D. Pengertian Agama Dalam Berbagai Bentuknya
Kata agama dalam bahasa Indonesia berarti sama dengan “din” dalam bahasa Arab dan Semit, atau dalam bahasa Inggris “religion”. Dari arti bahasa (etimologi) agama berasal dari bahasa Sansekerta yang berarti tidak pergi, tetap ditempat, diwarisi turun temurun. Sedangkan kata “din” menyandang arti antara lain menguasai, memudahkan, patuh, utang, balasan atau kebiasaan. Secara istilah (terminologi) agama, seperti ditulisoleh Anshari bahwa walaupun agama, din, religion, masing-masing mempunyai arti etimologi sendiri-sendiri, mempunyai riwayat dan sejarahnya sendiri-sendiri, namun dalam pengertian teknis terminologis ketiga istilah tersebut mempunyai makna yang sama, yaitu: 1. Agama, din, religion adalah satu sistem credo (tata keimanan atau tata keyakinan) atas adanya Yang Maha Mutlak diluar diri manusia. 2. Agama juga adalah sistem ritus (tata peribadatan) manusia kepada yang dianggapnya Maha Mutlak tersebut. 3. Di samping merupakan satu sistema credo dan satu sistema ritus, agama juga adalah satu sistem norma (tata kaidah atau tata aturan) yang mengatur hubungan manusia sesama manusia dan hubungan manusia dengan alam lainnya, sesuai dan sejalan dengan tata keimanan dan tata peribadatan termaktub diatas. Menurut Durkheim, agama adalah sistem kepercayaan dan praktik yang dipersatukan yang berkaitan dengan hal-hal yang kudus. Bagi Spencer, agama adalah kepercayaan terhadap sesuatu yang Maha Mutlak. Sementara Dewey, menyatakan bahwa agama adalah pencarian manusia terhadap cita-cita umum dan abadi meskipun dihadapkan pada tantangan yang dapat mengancam jiwanya; agama adalah pengenalan manusia terhadap kekuatan gaib yang hebat. Dengan demikian, mengikuti pendapat Smith, tidak berlebihan jika kita katakan bahwa hingga saaat ini belum ada definisi agama yang benar dan dapat ditarima secara universal.

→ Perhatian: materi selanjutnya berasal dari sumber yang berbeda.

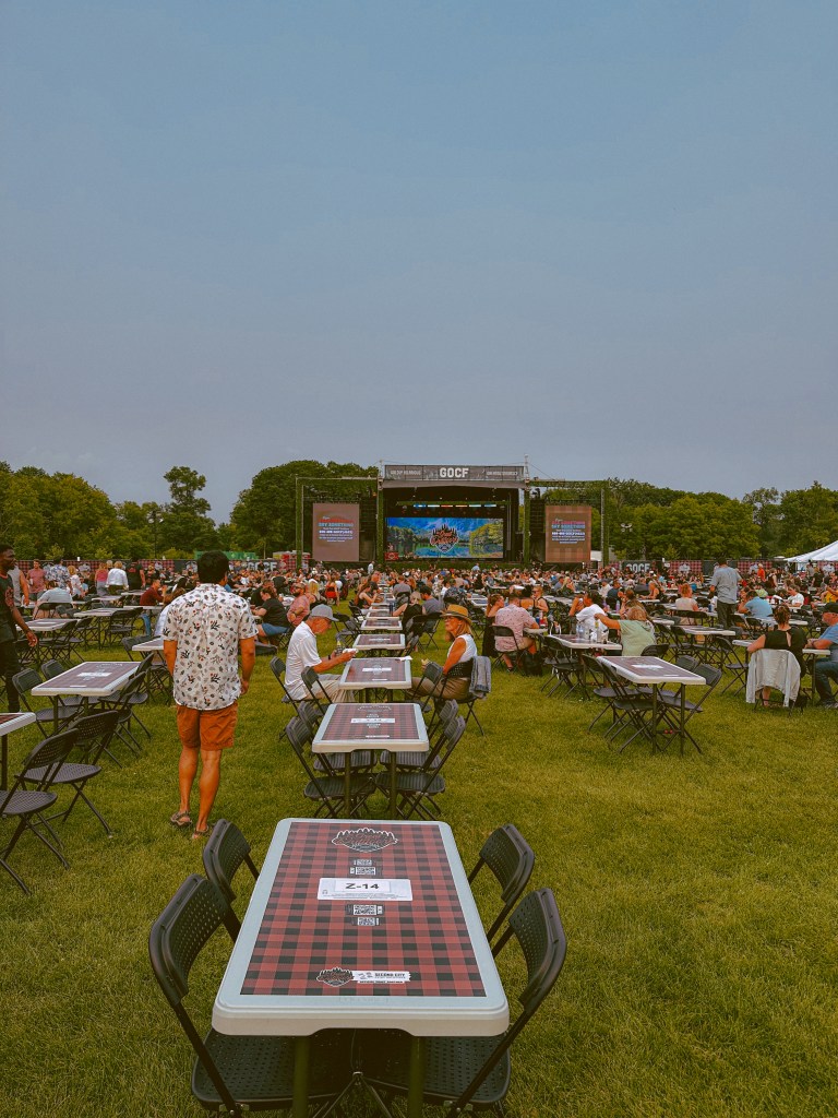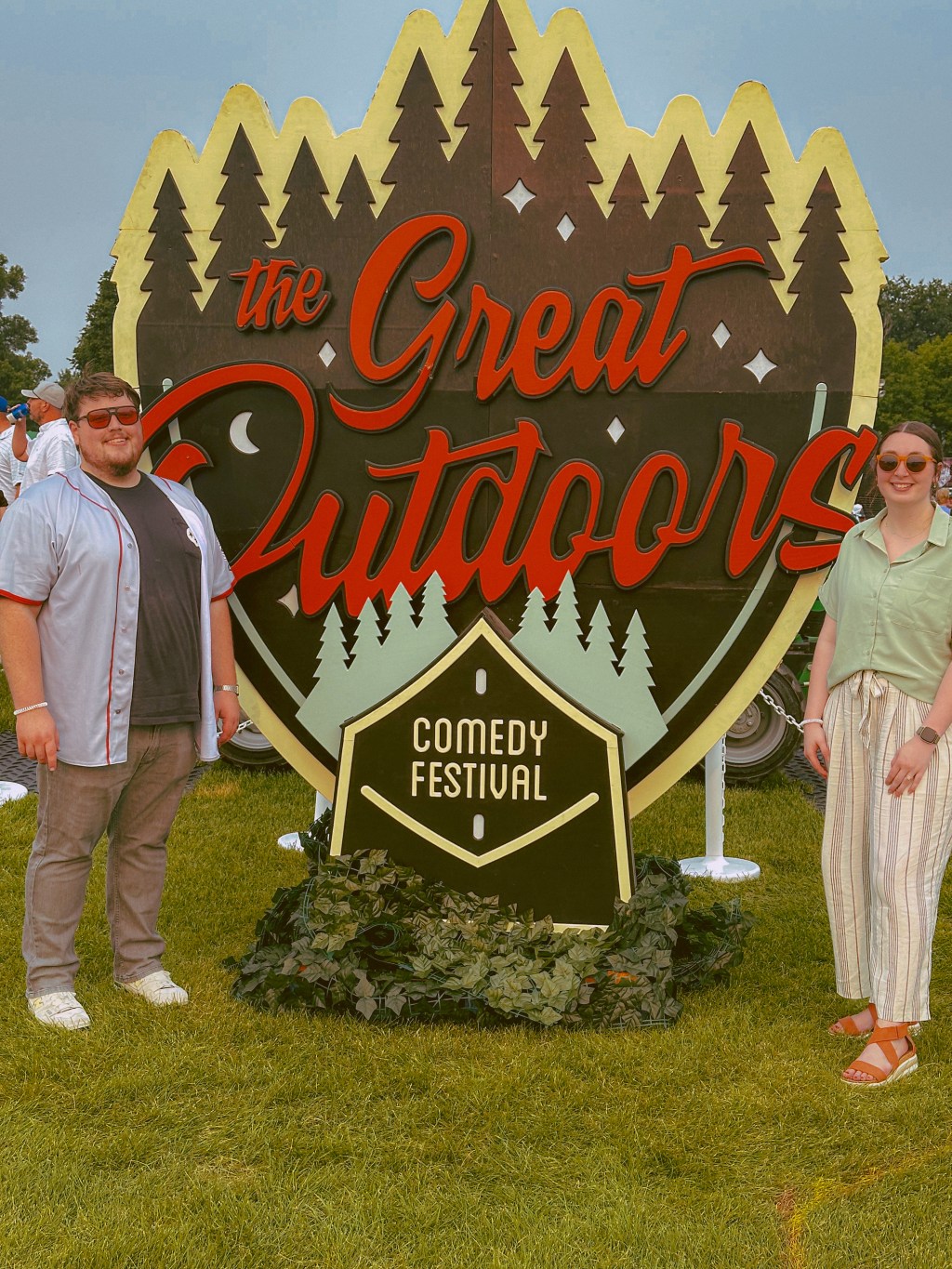 We popped our chairs into the closest spots available and started to sit and recover from the brisk walk over. I, however, was feeling very flustered from the whole ordeal and wanted to release my tension with a walk about and maybe some food or drink since the whole back of the park was lined with food trucks and stands. We also wanted to check out some of the merch to see if we could get some Nate Bargatze stuff, but it was all generic Great Outdoors items and not specific to any one comedian. We did still get a few stickers but not the usual souvenirs we collect at each travel location.
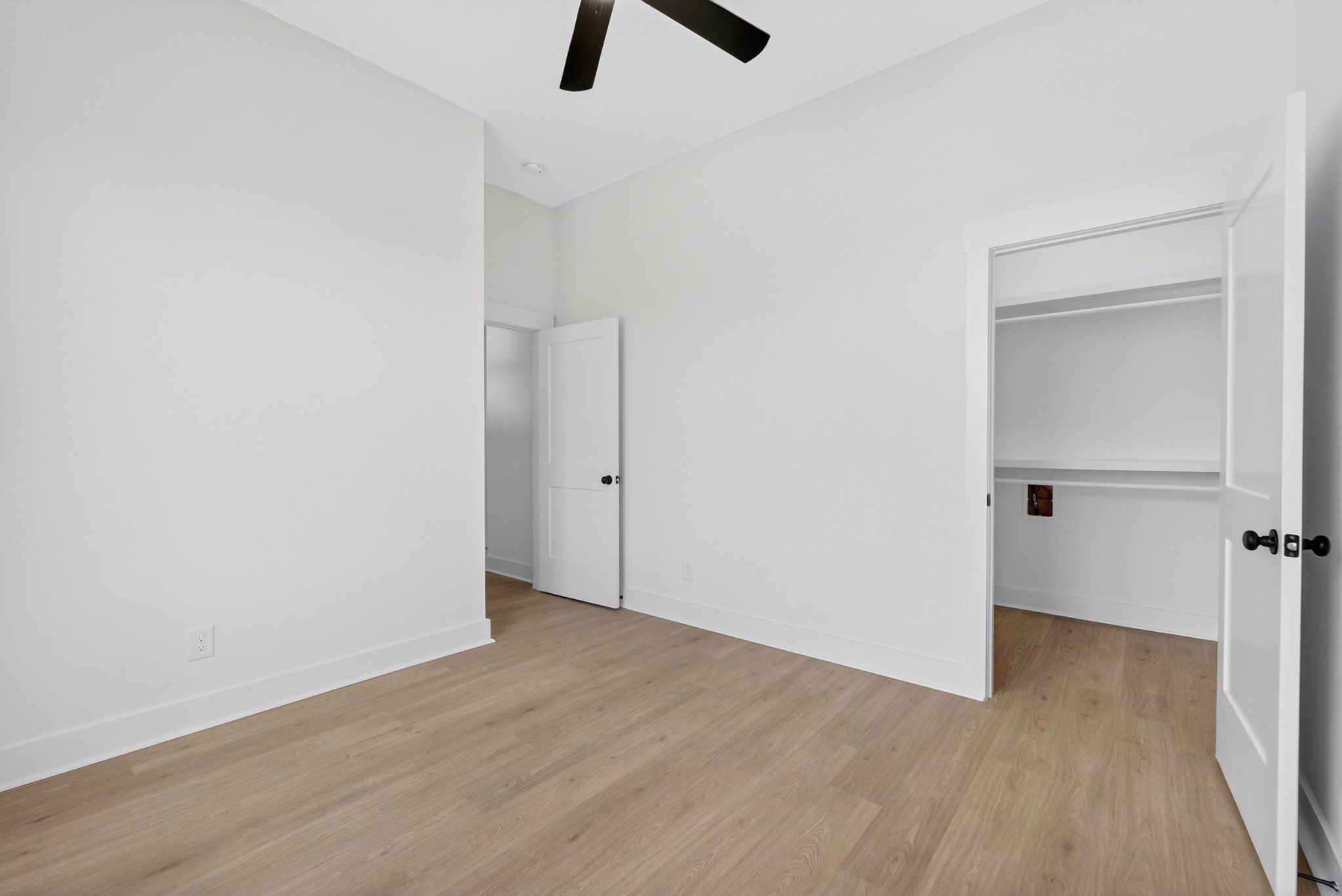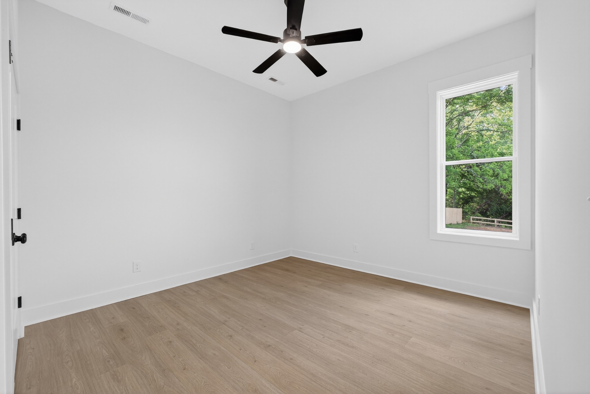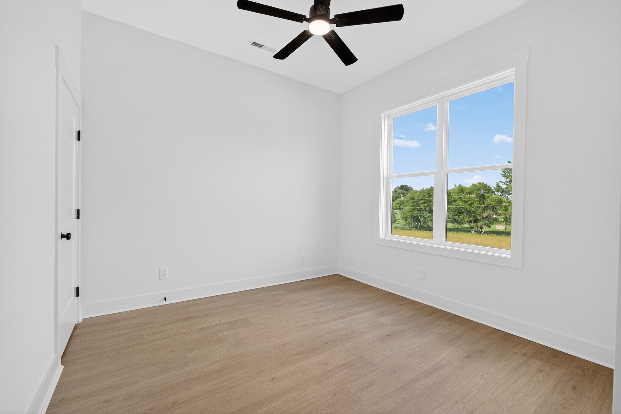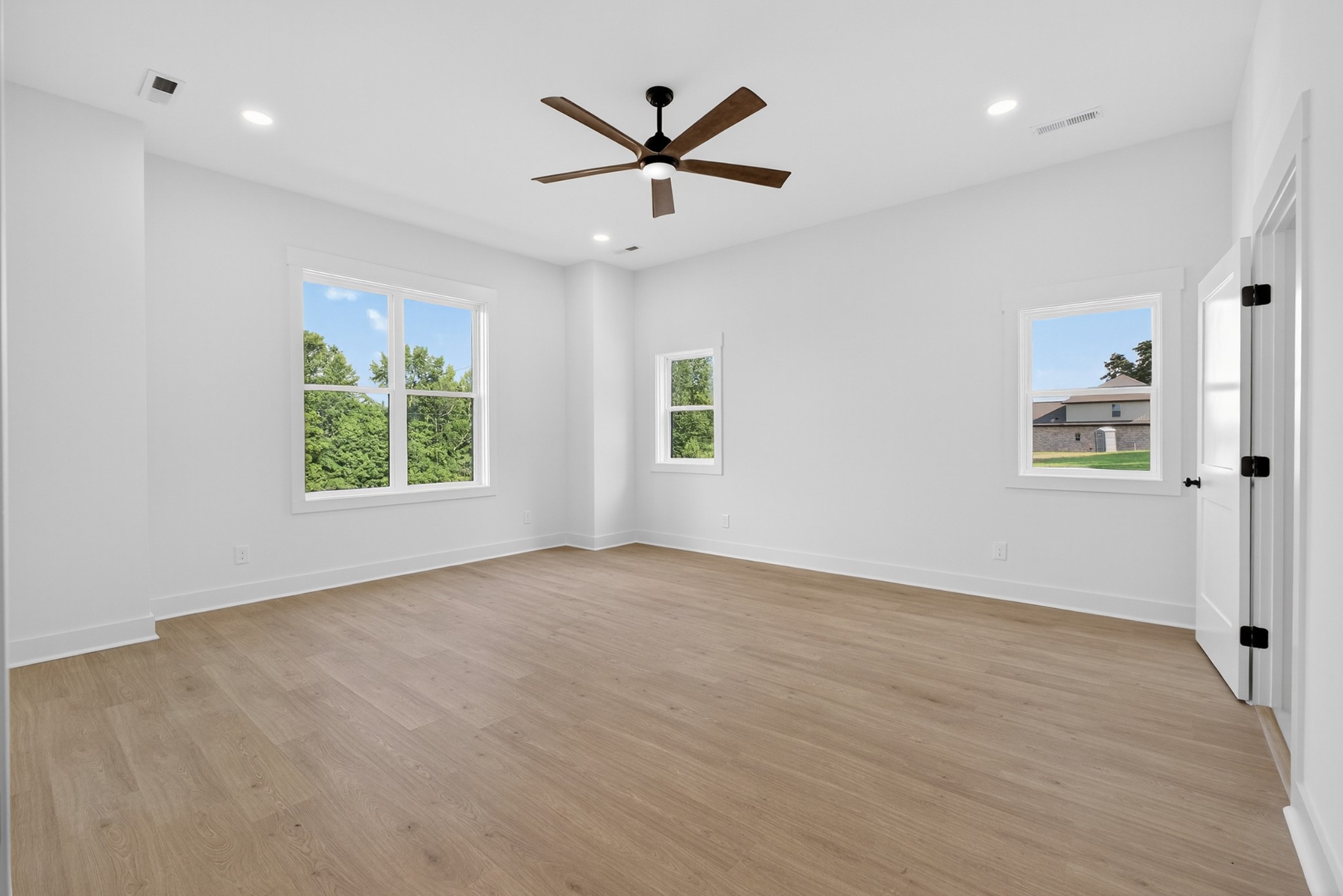 The heart of the home? The dream-worthy primary bathroom—a true spa retreat. Enjoy a freestanding soaking tub framed by a large frosted window, a huge walk-in shower with dual rainfall heads and marble-look tile, and dual vanities with soft-close cabinetry, quartz countertops, and matte black fixtures. Gorgeous oversized tile floors, warm honey-toned wood finishes, and luxe lighting elevate the space with timeless sophistication.

E. Hubungan Manusia Dengan Agama
Menurut agama Islam, manusia diciptakan di bumi untuk beribadah kepada Allah. Selain itu, manusia diciptakan di bumi sebagai khalifah atau pemimpin di bumi. Dengan perannya tersebut, manusia diharapkan untuk : 1. Sadar sebagai mahluk individu yaitu mahluk hidup yang berfungsi sebagai mahluk yang paling utama di antara mahluk-mahluk lain. Sebagai mahluk utama di muka bumi, manusia diingatkan perannya sebagai khaifah dibumi dan mahluk yang diberi derajat lebih daripada mahluk lain yang ada di bumi. Sesuai dengan firman Allah : “Dan sesungguhnya telah kami muliakan anak-anak Adam dan Kami angkat mereka itu melalui daratan dan lautan serta Kami beri mereka rezeki dari yang baik-baik dan Kami lebihkan mereka atas kebanyakan mahluk yang kami ciptakan (Q.S. Al-Isra: 70). 2. Sadar bahwa manusia adalah mahluk sosial. Sebagai mahluk sosial, manusia harus mengadakan interelasi dan interaksi dengan sesamanya. Itulah sebabnya Islam mengajarkan perasamaan “Berpeganglah kamu semuanya dalam tali Allah dan janganlah kamu berpecah belah…” (Q.S. Ali Imran: 103). “Sesungguhnya semua orang mukmin adalah bersaudara.”(Q.S. Al Hujarat: 10). 3. Sadar manusia adalah hamba Allah SWT. Manusia sebagai mahluk yang berketuhanan, memiliki sikap dan watak religius yang perlu dikembangkan. Manusia harus selalu beribadah keapada Allah karena merupakan tugasnya untuk beribadah kepada Allah sesauai dengan firman Allah : “(Yang memiliki sifat-sifat) demikian itu adalah Tuhanmu, tidak ada Tuhan selain Dia, pencipta segala sesuatu maka sembahlah Dia, dan Dia adalah pemelihara segala sesuatu, Dia tidak dapat dijangkau oleh daya penglihatan mata, sedang Dia dapat melihat segala yang kelihatan, dan Dialah Yang Maha Mengetahui.”(Q.S. Al An’aam: 102).